Berlin (/ˈbɜːrlᵻn/ BUR-lin) is the only city in Coös County, New Hampshire, United States. Located along the Androscoggin River, it is the northernmost city in New Hampshire. The population was 9,425 at the 2020 census, down from 10,051 at the 2010 census.

It includes the village of Cascade in the south part of the city. Located in New Hampshire's Great North Woods Region or "North Country", Berlin sits at the edge of the White Mountains, and the city's boundaries extend into the White Mountain National Forest. Berlin is home to the Berlin and Coos County Historical Society's Moffett House Museum & Genealogy Center, Service Credit Union Heritage Park, the Berlin Fish Hatchery, and the White Mountains Community College, member of the Community College System of New Hampshire.

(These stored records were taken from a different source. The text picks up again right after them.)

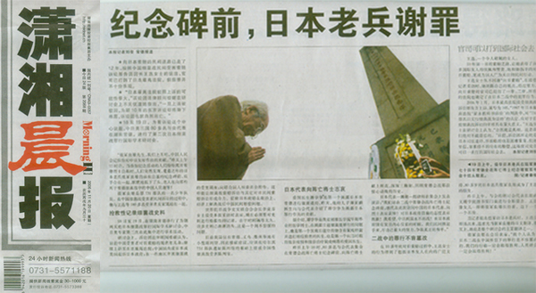 《潇湘晨报》2006年11月20日A04版:纪念碑前,日本老兵谢罪
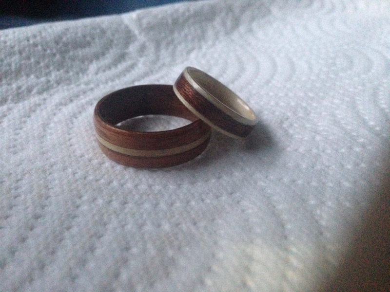 Seven years ago, my wedding band melted at work, so this year I looked for a band that wouldn't conduct electricity. But all I found was ceramic and too breakable for my work. And the Jewler suggested a bentwood ring. And these are the first two I've done so far.
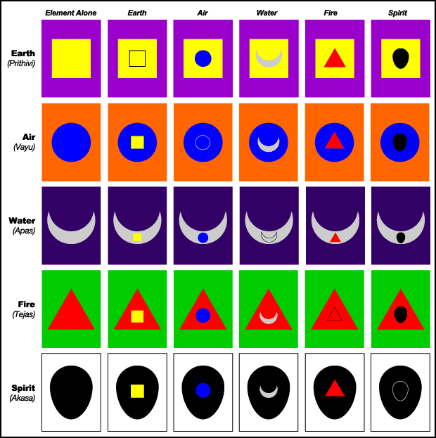 Ti su elementi svemir / nebo (Akasha), vatra (Tejas), vetar / vazduh (Vayu), mesec / voda (apas) i zemlja (Prithvi).
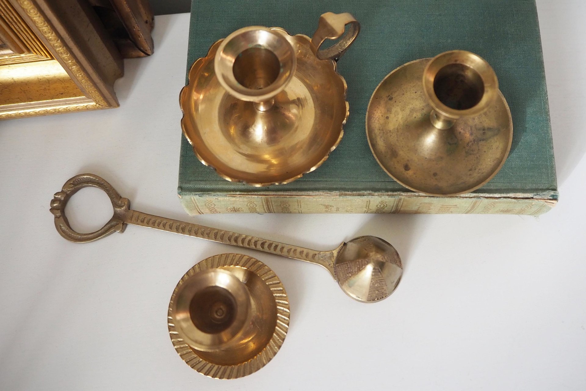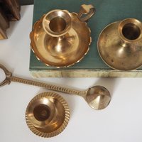 Set of three small mismatched vintage brass candlestick holders and a candle snuffer.
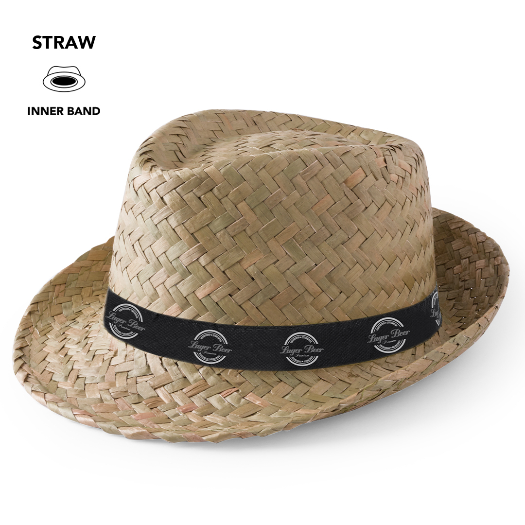 Info: Sombrero in paglia. Realizzato in paglia intrecciata di colore bianco o verde naturale, la sua lavorazione lo rende traspirante. È dotato di una fascia interna per renderlo più confortevole.
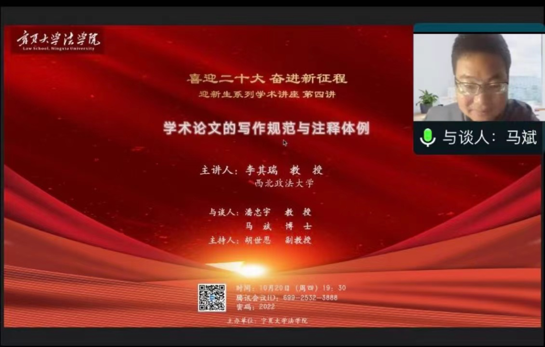10月20日晚7:30,学术讲座第四讲围绕“学术论文的写作规范与注释体例”展开。本次讲座特邀西北政法大学法治文化研究中心主任、马克思主义法学研究所所长李其瑞教授担任主讲嘉宾,我院副院长胡世恩主持,潘忠宇教授、马斌博士出席并担任与谈嘉宾。

Berlin is the principal city of the Berlin Micropolitan Statistical Area, which includes all of Coös County, New Hampshire, and Essex County, Vermont. Because Quebec is less than 60 mi away, Berlin has many people of French Canadian descent in its population. Around 65% of its residents speak a variant of New England French, which is known locally as "Berlin French".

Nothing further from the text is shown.